WHAT YOU ARE ASKED TO DO ▸ For this exercise, transcribe every line of the material exactly and skip the pictures.

DATASET CONTENT ▸
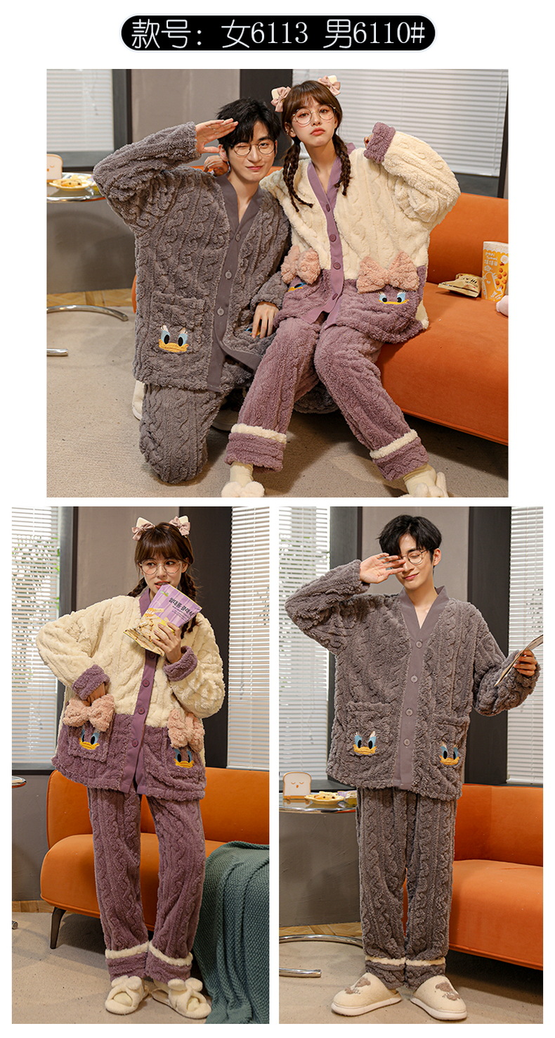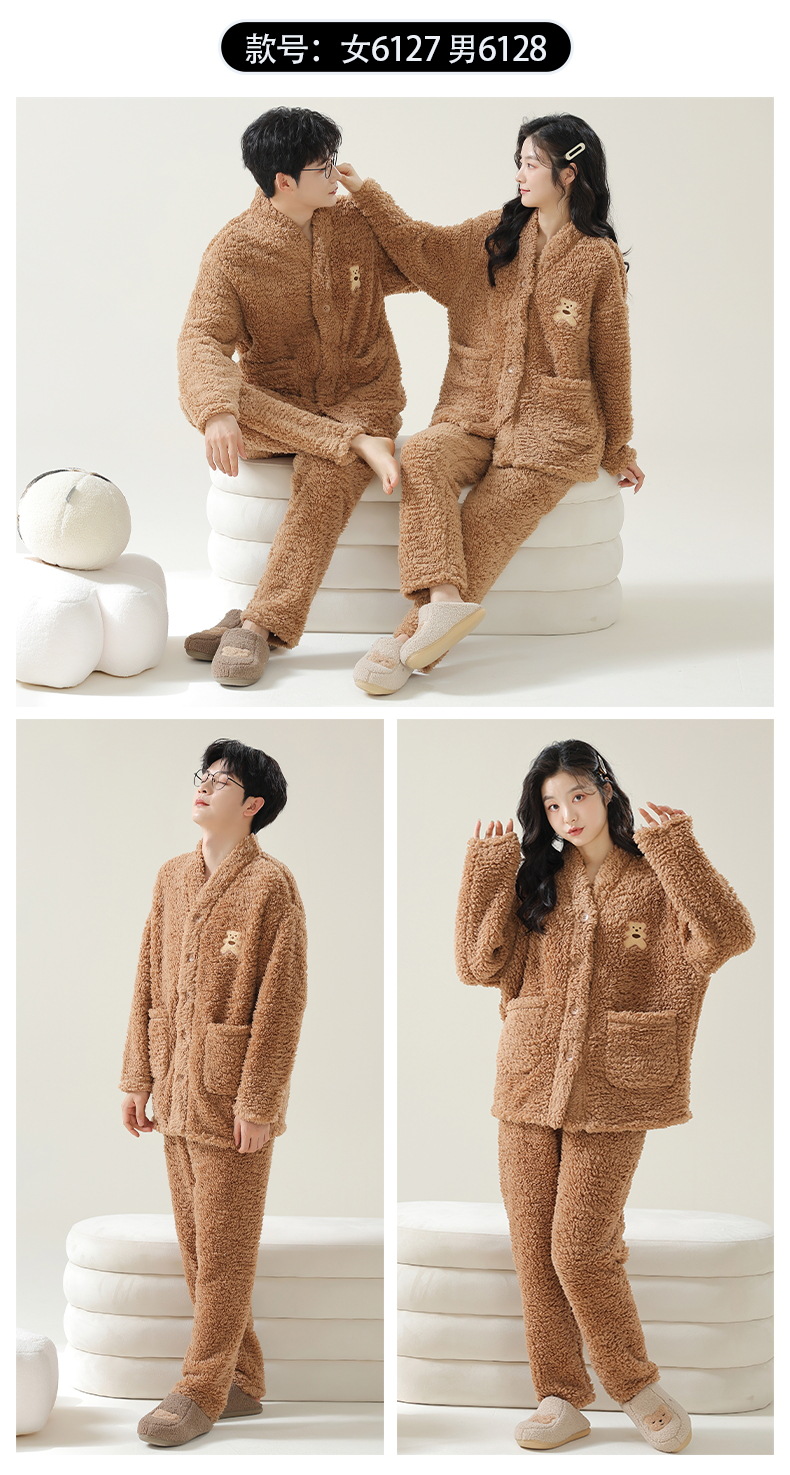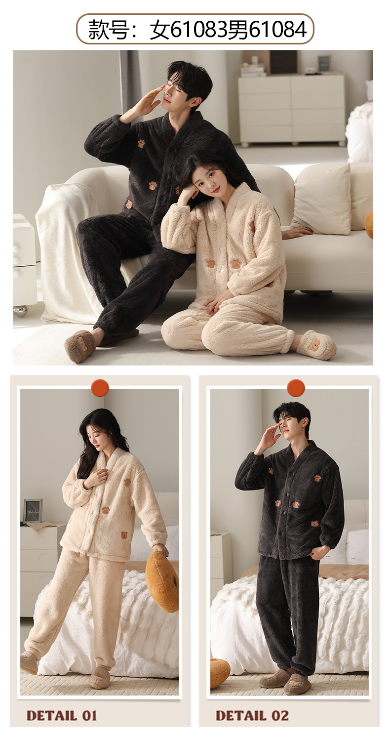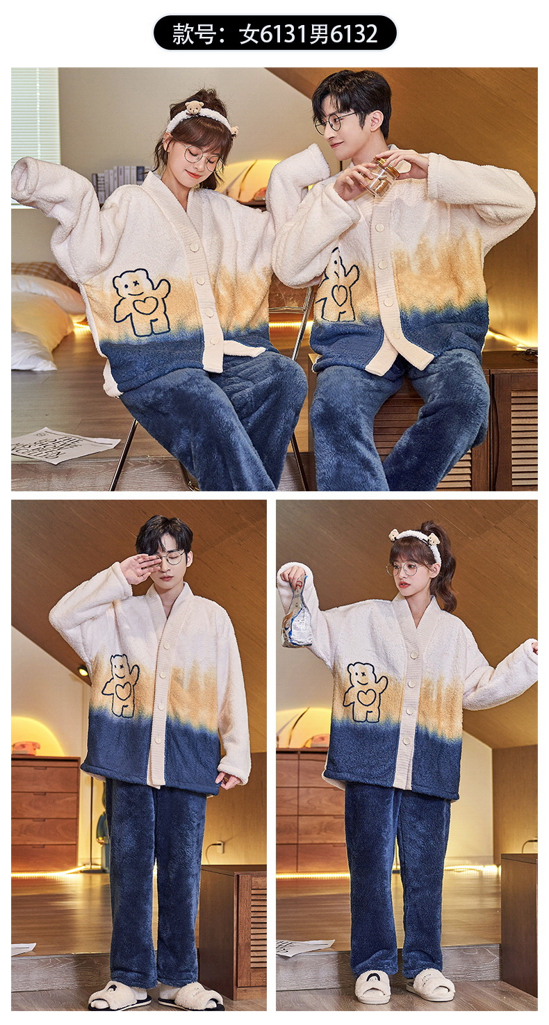 情侣睡衣秋冬季珊瑚绒一男一女加绒加厚法兰绒冬款开衫家居服套装
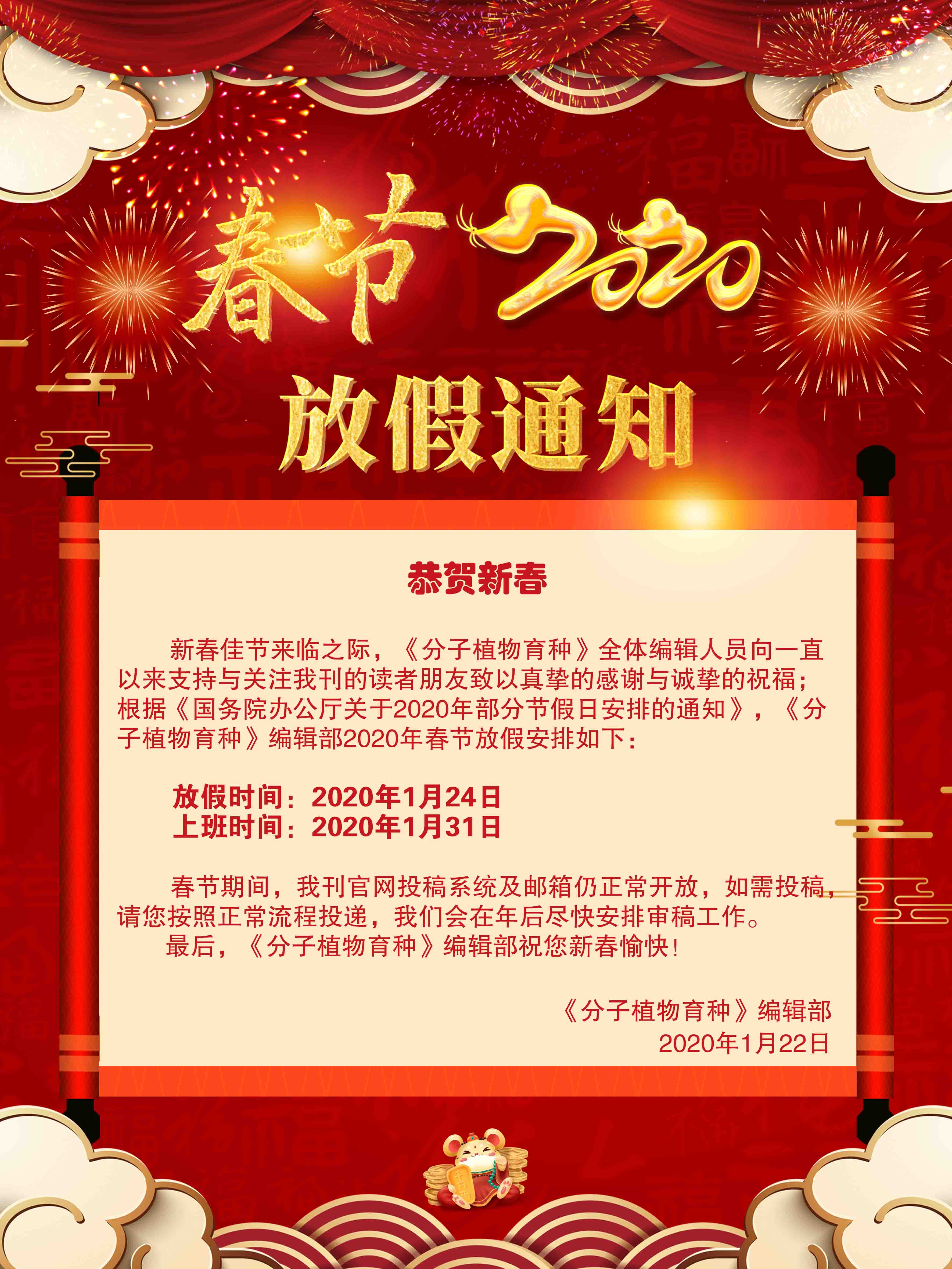 关于《分子植物育种》编辑部2020年春节放假通知
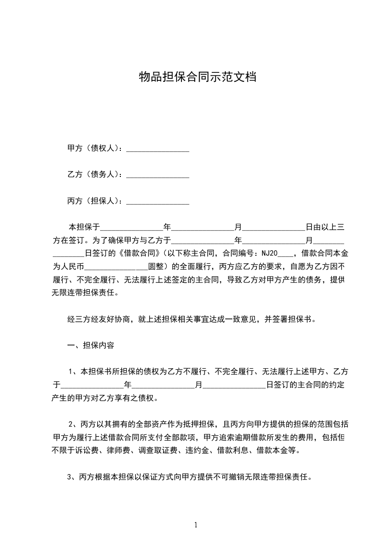 1、如乙方为多人,则乙方中多人各为独立的保证人。
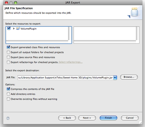 Plug-in-JAR innehåller class-filerna som skapats från kompileringen av filen VolumePlugin.java, och filen ApplicationPlugin.properties. Eftersom Eclipse kompilerar en Java-fil så fort du sparar den, behöver du bara välja File > Export… från menyn och välj Java > JAR file i dialogrutan Export som visas. I guiden Jar Export som visas som visas i figur 6, markera projektets kryss ruta och ange sökvägen till en JAR-fil som placeras i Sweet Home 3D-plug-in-mappen. Den här lämpliga mappen beror på ditt system enligt följande:
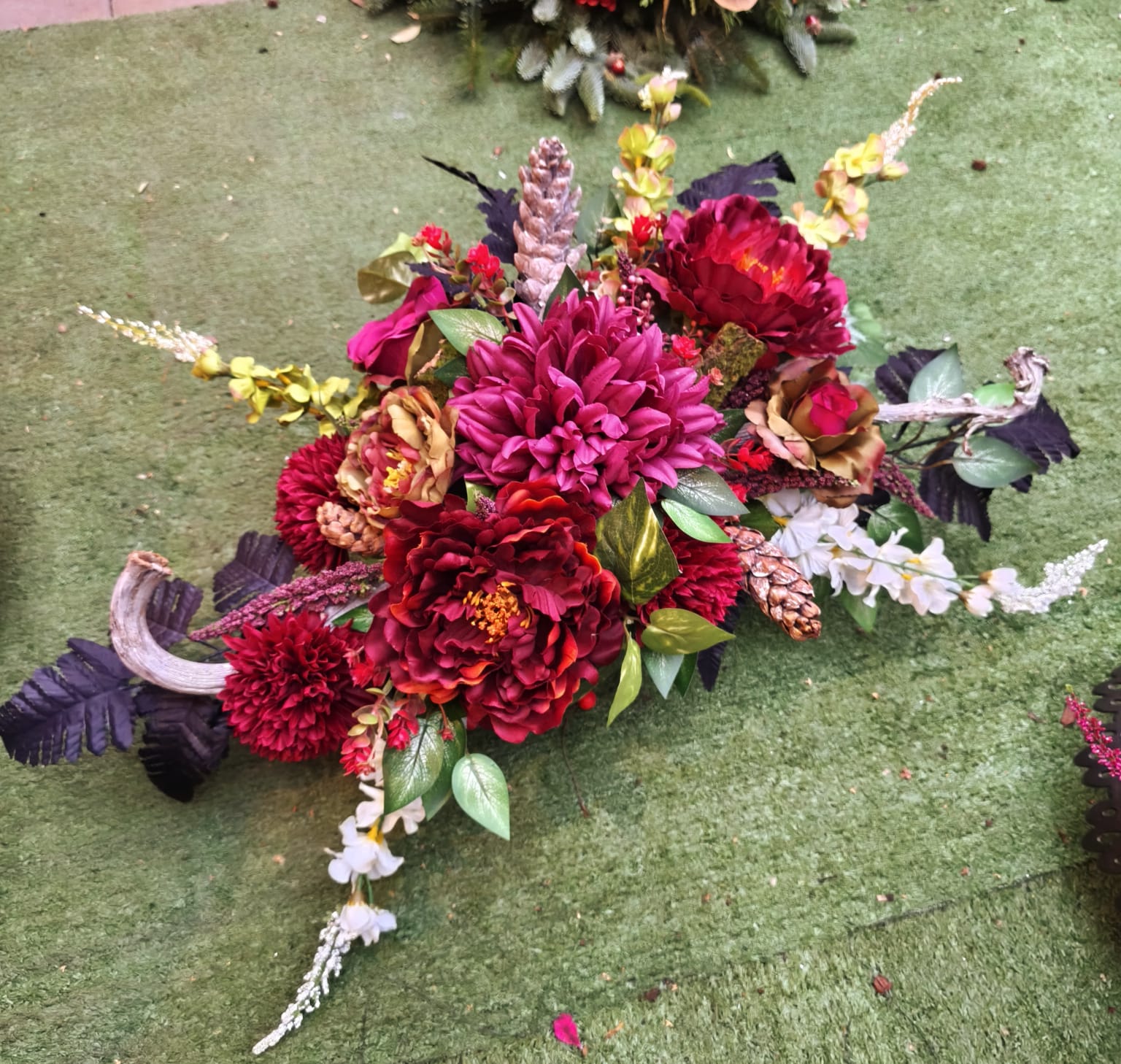Ten stroik wyróżnia się bogatą kompozycją z dominującymi czerwonymi i bordowymi piwoniami oraz daliami, uzupełnionymi żółtymi i złotymi akcentami. Dekorację wzbogacają białe kwiaty, zielone liście, a także naturalne elementy takie jak bielone drewno i szyszki, dodające rustykalnego charakteru
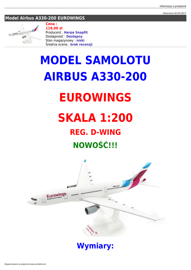 Informacje o produkcie Utworzono 02-03-2017 Model Airbus A330-200 EUROWINGS Cena : 119,00 zł Producent : Herpa Snapfit Dostępność : Dostępny Stan magazynowy : niski Średnia ocena : brak recenzji MODEL SAMOLOTU AIRBUS A330-200 EUROWINGS SKALA 1:200 REG. D-WING NOWOŚĆ!!! Wymiary: Wygenerowano w programie www.oscGold.com Długość - 29,5 cm Rozpiętość skrzydeł - 30 cm Samolot zapakowany w pudełko, wewnątrz którego każdy z elementów jest dodatkowo zabezpieczany w blistrach. Samolot do szybkiego złożenia bezklejowego - KWESTIA WPIĘCIA w kadłub skrzydeł i stateczników. Przed wysyłką opakowanie z modelem jest dodatkowo zabezpieczane. Informacje o produkcie Model jest oczywiście nowy i w oryginalnym opakowaniu. Materiał bardzo wysokiej jakości produkowany według najnowszych standardów. Perfekcyjnie wykonane malowanie! Model plastikowy. PRODUCENT - HERPA SNAPFIT Wygenerowano w programie www.oscGold.com
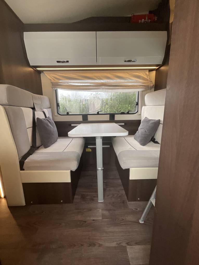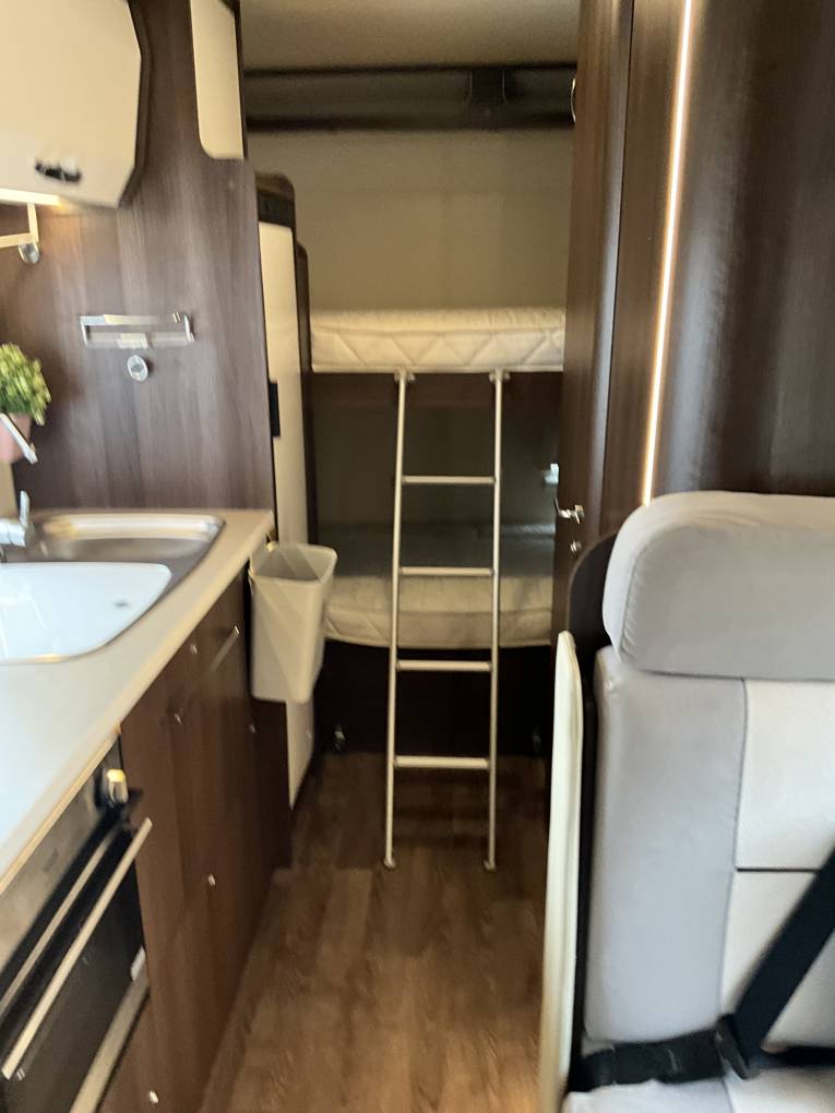 This 2016 Roller Team Zefiro 675 is the perfect young family motorhome which can take you on your adventures and to make memories. This is a 6 berth, 6 belt, rear garage family vehicle. Its well-appointed kitchen has a 3-ring gas hob, oven with grill, sink, fridge/freezer and storage washroom and separate shower.6 can people sleep comfortably using the over cab double bed, central double bed (which is converted from the lounge seating) and 2 rear bunks (the bottom which folds up to form part of the garage space when travelling, meaning you can easily stow away chairs, BBQ's or bikes)

WRITTEN RESPONSE ▸
 情侣睡衣秋冬季珊瑚绒一男一女加绒加厚法兰绒冬款开衫家居服套装
 关于《分子植物育种》编辑部2020年春节放假通知
 1、如乙方为多人,则乙方中多人各为独立的保证人。
 Plug-in-JAR innehåller class-filerna som skapats från kompileringen av filen VolumePlugin.java, och filen ApplicationPlugin.properties. Eftersom Eclipse kompilerar en Java-fil så fort du sparar den, behöver du bara välja File > Export… från menyn och välj Java > JAR file i dialogrutan Export som visas. I guiden Jar Export som visas som visas i figur 6, markera projektets kryss ruta och ange sökvägen till en JAR-fil som placeras i Sweet Home 3D-plug-in-mappen. Den här lämpliga mappen beror på ditt system enligt följande:
Ten stroik wyróżnia się bogatą kompozycją z dominującymi czerwonymi i bordowymi piwoniami oraz daliami, uzupełnionymi żółtymi i złotymi akcentami. Dekorację wzbogacają białe kwiaty, zielone liście, a także naturalne elementy takie jak bielone drewno i szyszki, dodające rustykalnego charakteru
 Informacje o produkcie Utworzono 02-03-2017 Model Airbus A330-200 EUROWINGS Cena : 119,00 zł Producent : Herpa Snapfit Dostępność : Dostępny Stan magazynowy : niski Średnia ocena : brak recenzji MODEL SAMOLOTU AIRBUS A330-200 EUROWINGS SKALA 1:200 REG. D-WING NOWOŚĆ!!! Wymiary: Wygenerowano w programie www.oscGold.com Długość - 29,5 cm Rozpiętość skrzydeł - 30 cm Samolot zapakowany w pudełko, wewnątrz którego każdy z elementów jest dodatkowo zabezpieczany w blistrach. Samolot do szybkiego złożenia bezklejowego - KWESTIA WPIĘCIA w kadłub skrzydeł i stateczników. Przed wysyłką opakowanie z modelem jest dodatkowo zabezpieczane. Informacje o produkcie Model jest oczywiście nowy i w oryginalnym opakowaniu. Materiał bardzo wysokiej jakości produkowany według najnowszych standardów. Perfekcyjnie wykonane malowanie! Model plastikowy. PRODUCENT - HERPA SNAPFIT Wygenerowano w programie www.oscGold.com
 This 2016 Roller Team Zefiro 675 is the perfect young family motorhome which can take you on your adventures and to make memories. This is a 6 berth, 6 belt, rear garage family vehicle. Its well-appointed kitchen has a 3-ring gas hob, oven with grill, sink, fridge/freezer and storage washroom and separate shower.6 can people sleep comfortably using the over cab double bed, central double bed (which is converted from the lounge seating) and 2 rear bunks (the bottom which folds up to form part of the garage space when travelling, meaning you can easily stow away chairs, BBQ's or bikes)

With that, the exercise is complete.